= MedTech Europe =

MedTech Europe is the European trade association representing the medical technology industries, from diagnosis to cure. It represents Diagnostics and Medical Devices manufacturers operating in Europe. It is born as an alliance of two European medical technology associations, EDMA and Eucomed, representing the European IVD and medical device industries, respectively. It was established with the aim to represent the common policy goals of both organisations more effectively, promoting the interests of its members and of the medical technology industry in general.
There are more than 33,000 medical technology companies in Europe. The highest number of them are based in Germany, followed by Italy, the UK, France and Switzerland.

==Structure==
After four years of collaboration, on 30 November 2016, EDMA and Eucomed voted to dissolve their respective European associations. MedTech Europe then became a single entity, representing the European medical technology sector, from diagnosis to cure.

==Activities==
MedTech Europe generally focuses on five policy areas of common interest to its forming associations.
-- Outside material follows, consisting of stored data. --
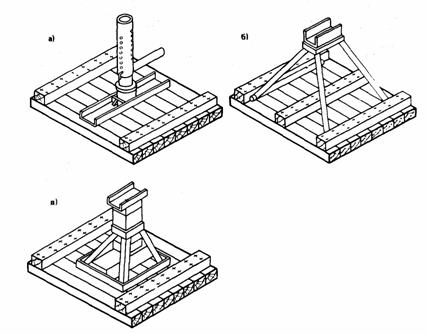 буроопускные сваи (по материалам, института "Фундаментпроект") Все деревянные фундаментные конструкции антисептируются, а железобетонные и стальные защищаются антикоррозийным покрытием в соответствии со СНиП 2.03.11-85 "Защита строительных конструкций от коррозии". Антисептирование, а также нанесение защитного покрытия, производится лишь на той части фундамента, которая находится выше верхнего горизонта вечной мерзлоты. 1.10. Для фиксирования разбивочных осей в здании и выравнивания отметок верха свай и стоек столбчатых фундаментов на последние могут устанавливаться оголовки. Оголовки устраиваются, как правило, съемными с целью их повторного использования при передислокации здания (рис. 9-12).
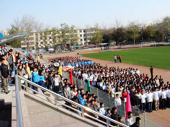 今年是奥运会的决战年,今天是奥运圣火的移交日,宇航学子打出了“宇航拥抱新奥运,运动快乐你我行”的横幅标语,体现了宇航学子对奥运会的热切企盼。上午八点半,在同学们的期待中,运动会隆重开幕!随后的入场式气氛热烈,精彩不断,各参赛班级组织的方阵依次从主席台前走过,响亮的口号,整齐的队形,新颖的表演迎来阵阵掌声。
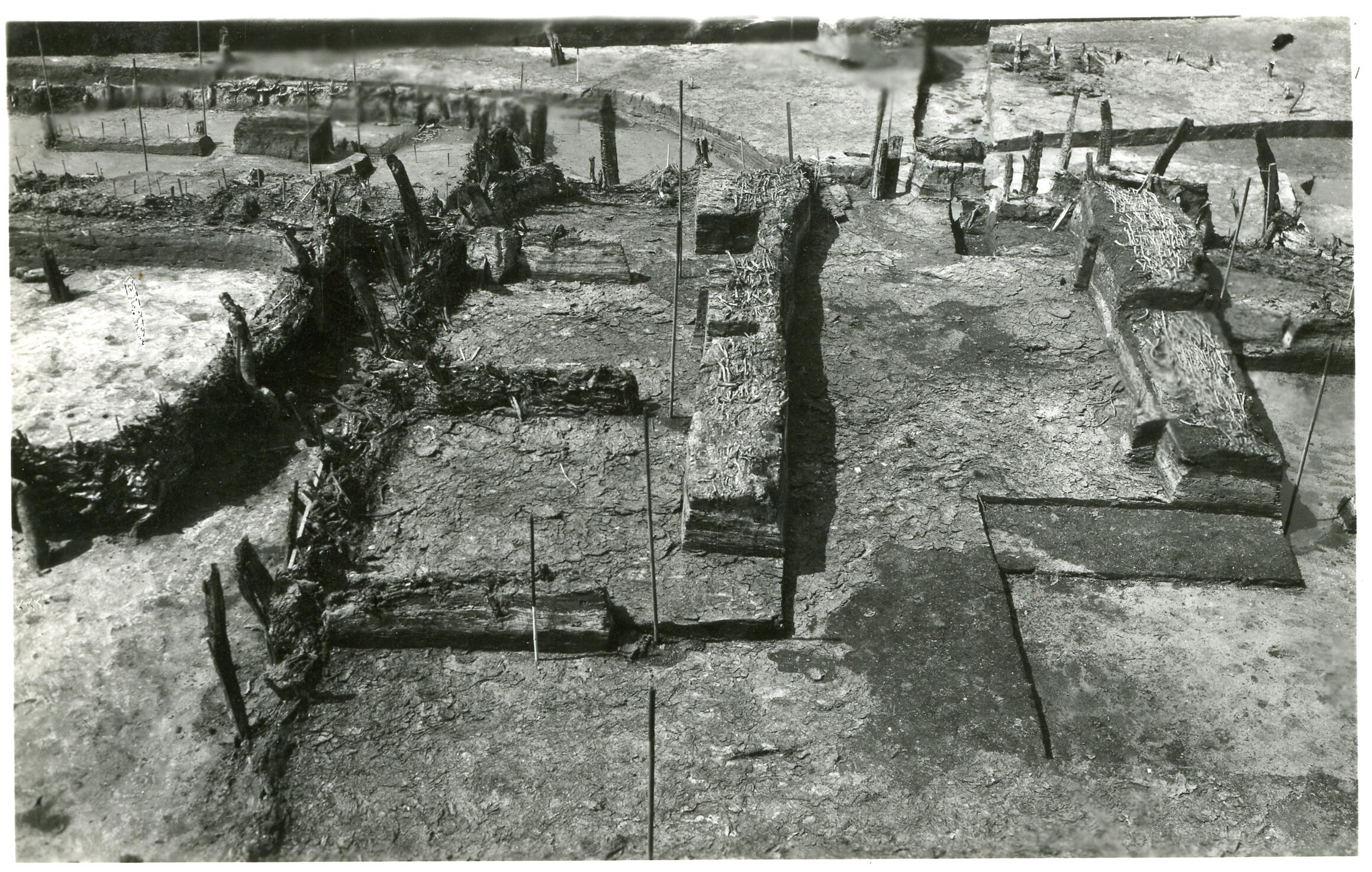 De resten van gebouwen die gevonden zijn tijdens de afgraving van de terp waarop het dorp Ezinge ligt. In Groningen worden terpen wierden genoemd. Afgegraven wierdegrond werd verkocht om te gebruiken als bodemverbeteraar op arme zandgronden. Archeoloog Albert Egges van Giffen (1884-1973) van de Rijksuniversiteit Groningen heeft van 1923 tot 1934 archeologisch onderzoek uitgevoerd bij ...

The areas are the environment, health care associated infections (HCAI), industry data, health technology assessment (HTA), and its internal five-year-industry strategy aiming to “increase value-based innovations” that allow "healthcare systems to become more sustainable". It is currently lobbying for the interests of the European medical device and in-vitro diagnostics industry in the revision of the European medical device and in-vitro diagnostics directives.

==MedTech Forum==
The MedTech Europe alliance members organise the largest health and medical technology industry conference in Europe, the MedTech Forum. The conference is attended by policymakers, scientific communities, patient representatives, healthcare professionals, academics and representatives of the global medical technology industry.